So here on, an interesting add-on to acknowledge is hearing is not equivalent to listening.


We hear the sounds of birds, animals, a cell phone ringing, machines operating, vehicles running on roads, or people chatting around ‘subconsciously’ without putting much effort into it.


Active and efficient listening is more than that. Listening requires immersing and absorbing yourself in a conversation without the urge to interrupt or juggle with the thoughts and programming a reply.


Now, why is listening so important? Just recall any occasion when you narrated some incident to anyone and they listened to it with utmost attention and interest. How elated you had felt then. When someone is heard effectively, they get a sense of acceptance and belonging. Likewise, a child’s innocent narration of anything to his or her parents means a world of happiness for him when he is heard with full attention.


Genuinely, listening is one of the vital communication tools and sadly it is also the most neglected one.


A lot has been said and written about other components of effective communication like speaking and writing but when it comes to listening there is scanty information.

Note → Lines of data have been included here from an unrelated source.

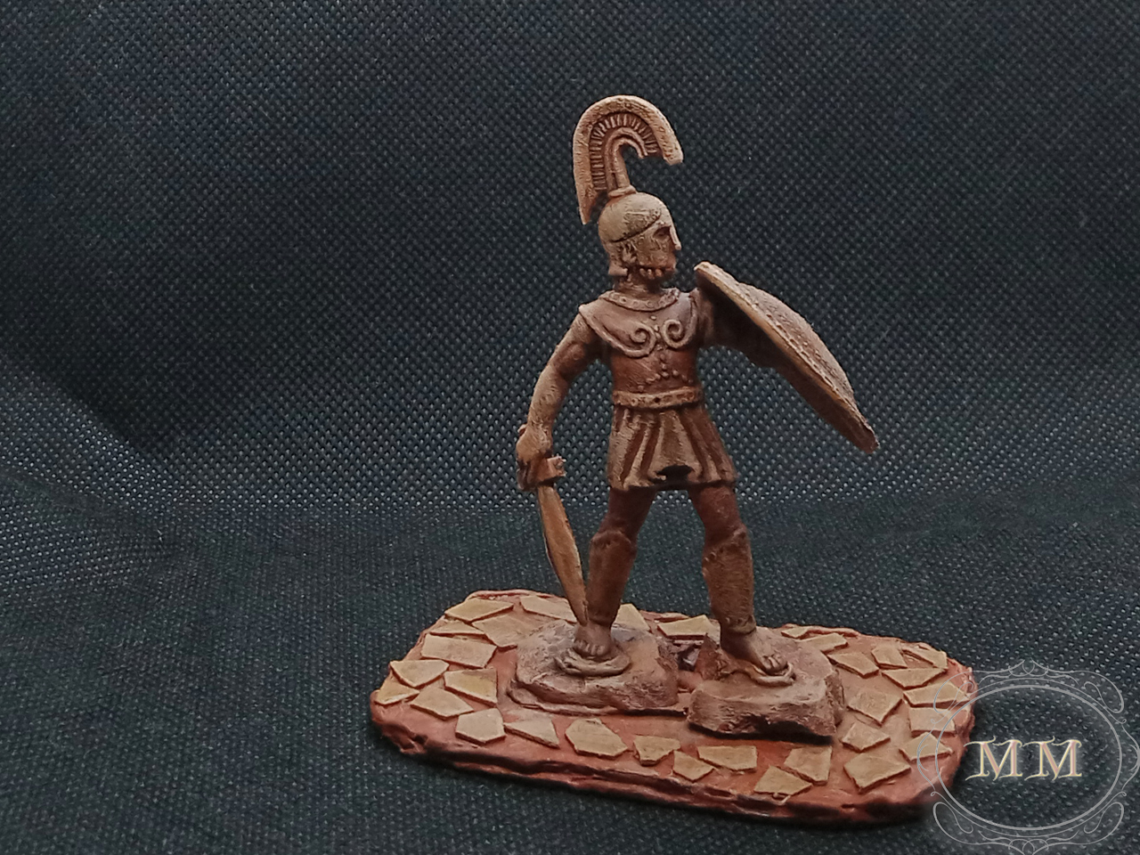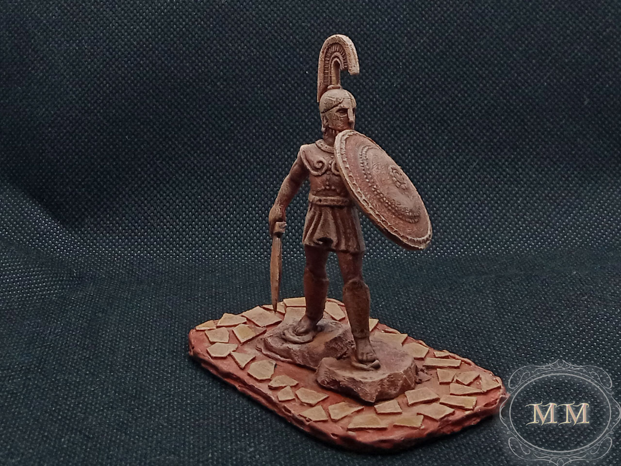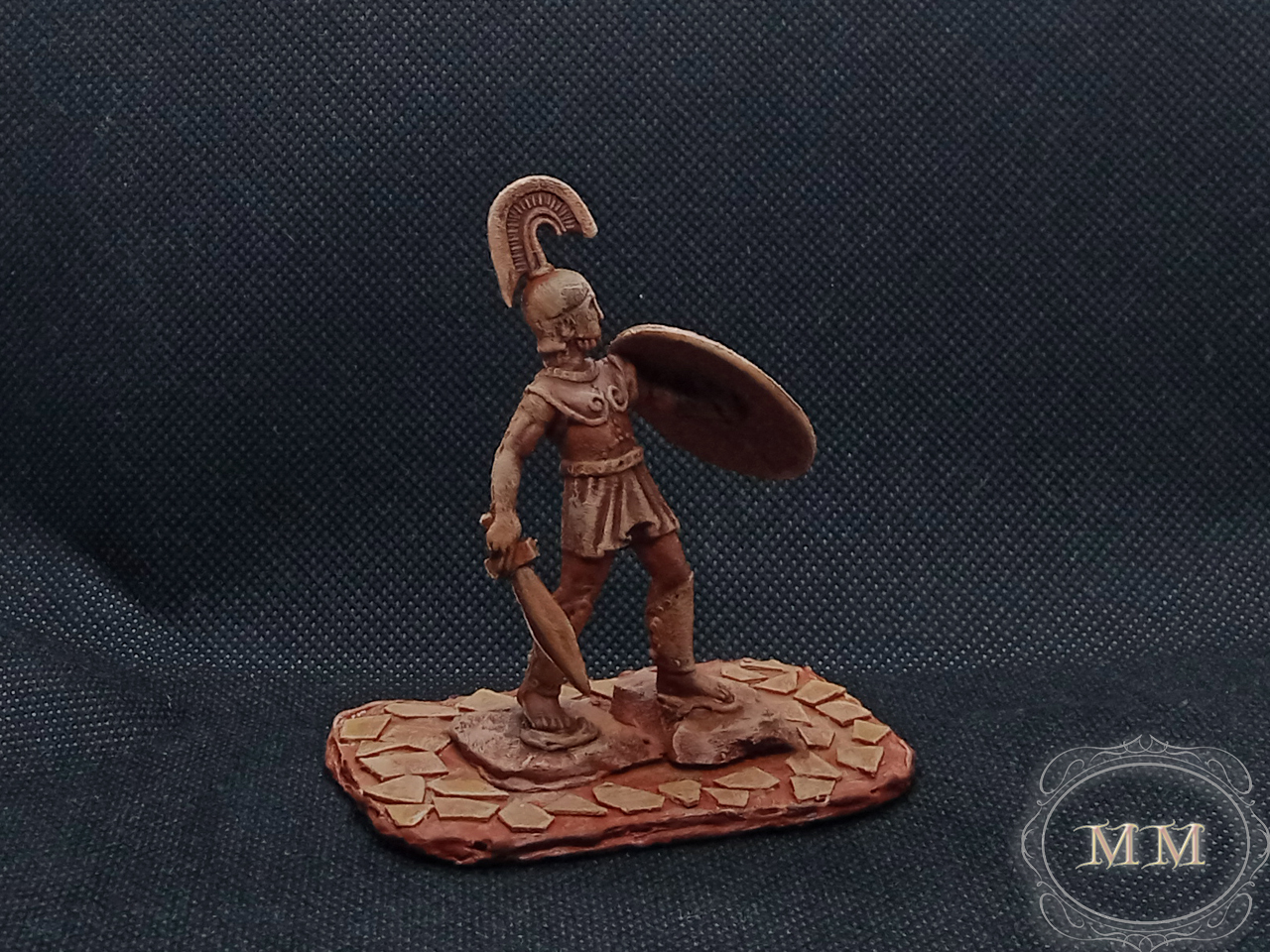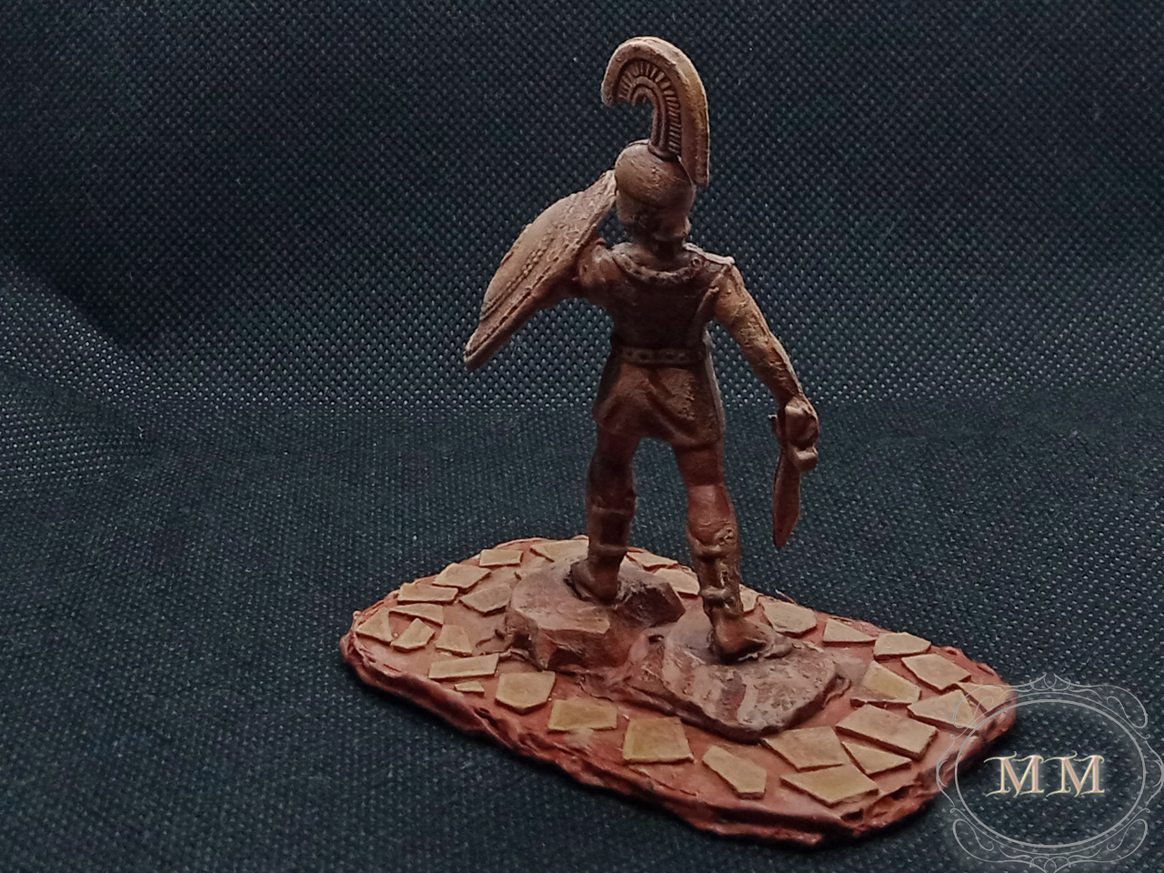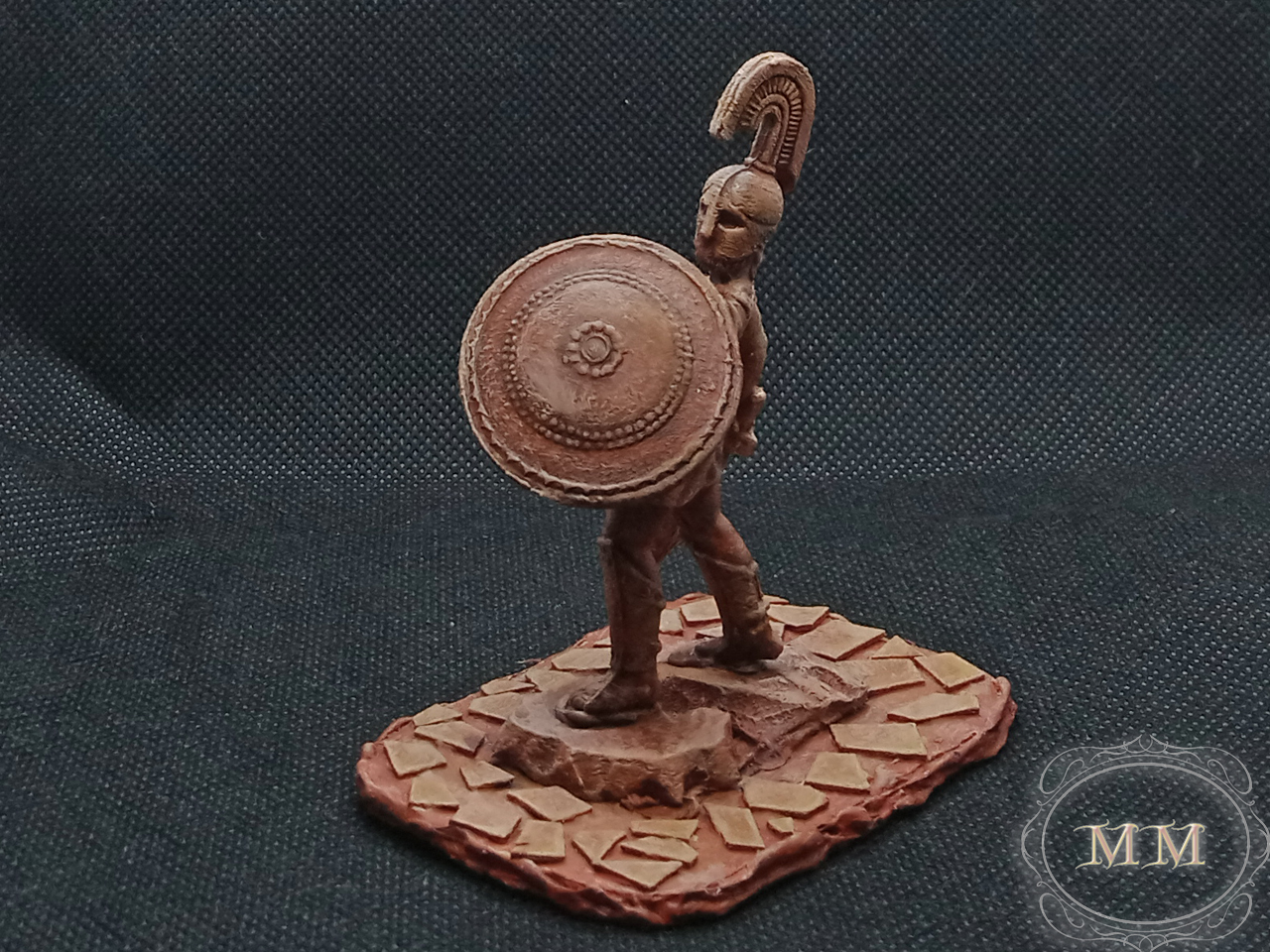 Żeby pomalować tego wojownika, który wygląda niczym ze Sparty musiałem nałożyć kilka warstw brązowej farbki za pomocą techniki suchego pędzla oraz dodałem płukanki z ciemniejszych farbek.
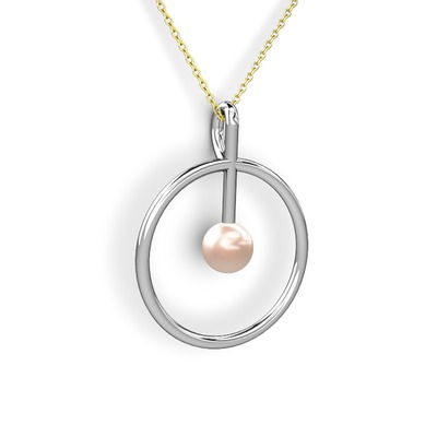 Pembe inci 18 ayar beyaz altın kolye (40 cm gümüş rolo zincir)
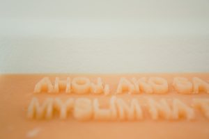ochraňuje telo vytvorené zo slov. Pri vstupe do objektu cítiť mäkký silikónový povrch
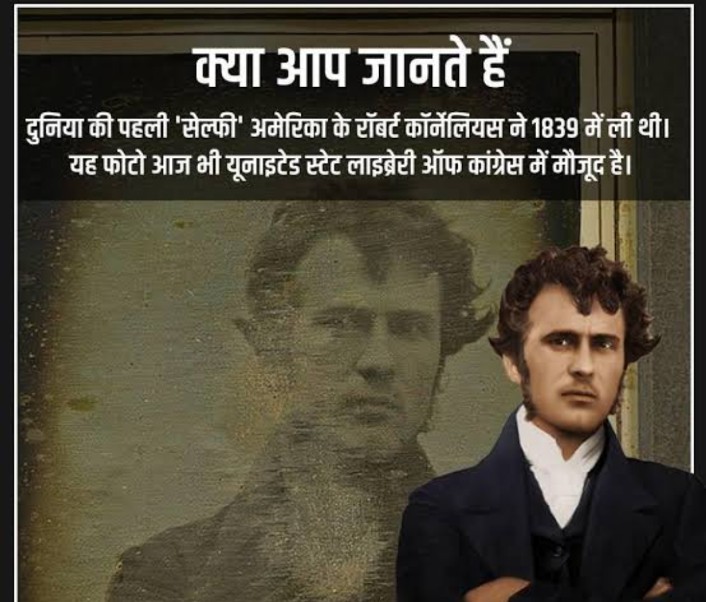 सेल्फी का क्रेज आजकल लोगों के सिर चढ़कर बोल रहा है. ऐसा शायद ही कोई हो जो अपने स्मार्टफोन से कभी सेल्फी ना ले. सेल्फी के क्रेज का इस तरह से भी अंदाजा लगाया जा सकता है कि आज ज्यादातर फोन में स्पेशली सेल्फी कैमरा डिजाइन किया जा रहा है और ‘सेल्फी फोन’ की मार्केट में खूब पूछ है, लेकिन क्या आपको पता है आज से 184 साल पहले यानी वर्ष 1839 में अमेरिका के रॉबर्ट कॉर्नेलियस ने दुनिया की पहली ‘सेल्फी’ क्लिक की थी. हालांकि उस समय, सेल्फी क्या होती है, यह कोई जानता भी नहीं था।

Most of us are interested to speak, but very few people are interested to lend a sincere ear to someone else.


The reasons behind so many arguments, miscommunications, fights, or discords include our failure to listen to what other is saying, or even if we listen, we do it least efficiently.


The same goes for children; when they are not actively heard, they slowly drift away from expressing themselves. What might seem minor issues, in the beginning, might be detrimental and impact their developmental process over the long haul.


Typically, kids do not follow any set timings to speak up to you for any query or anything that they want to share. They might show up when you are on an important call or maybe at a gathering.


This is the real challenge when you are doing something utmost important and they need you to be there mentally. Reassure them you’ll revert as soon as you are done with the task you are in so they won’t feel shunned or unattended.


When you are letting them spill their thoughts without interrupting or correcting them in the midst, you are giving them their space to blossom and broaden their horizons.


You are letting them nurture this innate and lost skill of listening which will immensely enhance and elevate their personal and professional lives in the future.